Community Choice Financial, and companies like it, provide short-term consumer loans, check cashing, prepaid debit cards, money transfers, bill payments, and money orders. These companies tout themselves as being important because they fill a void left by big banks that make it nearly impossible for a large and growing number of consumers to conduct their basic financial business.
These companies have come under fire because of the exorbitant amount of fees they charge their customers for providing their services. The payday lending industry has especially come under fire for what it charges. A customer that borrows $100 could end up owing $130 when the loan comes due, typically two weeks later. That could amount to an annual interest rate of 650%.
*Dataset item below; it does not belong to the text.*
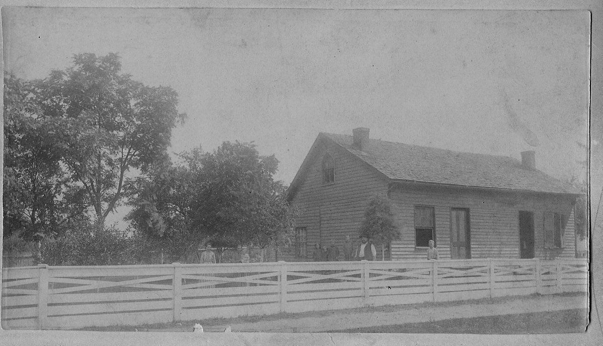 An exterior black and white of small frame house with 2 windows on front as well as 2 doors; 2 chimneys protrude from the roof; visible gable end has two windows on of which is a peaked gothic style in the loft area, the other window is a rectangle located near ground floor at back of house; there is a 4 board fence in front of house with 2 crossed boards between the top board and the one below it.. Trees are in full leaf; one man, two women with one woman holding a baby and 5 other children visible in print. Used by Daisy McBride (1874-1980). Donation, 02/13/1982. Donor received print after Daisy McBride died but is unfamiliar with the subject.Collection

Sure, this is steep, but to the person who can't pay their phone bill, the amount is often worth it. Unfortunately, as the economy tanked, more people have been put in the harrowing position of living from paycheck to paycheck. Some fall victim to scams that only aggravate the situation. States have taken steps to ban companies like Community Choice Financial to protect consumers. Also, the Federal Trade Commission has even sued companies over their practices, and this includes Community Choice Financial.
It remains to be seen if Community Choice Financial will attempt to go public again. Considering how this industry is growing by leaps and bounds, it will not be a surprise if more such companies attempt to go public.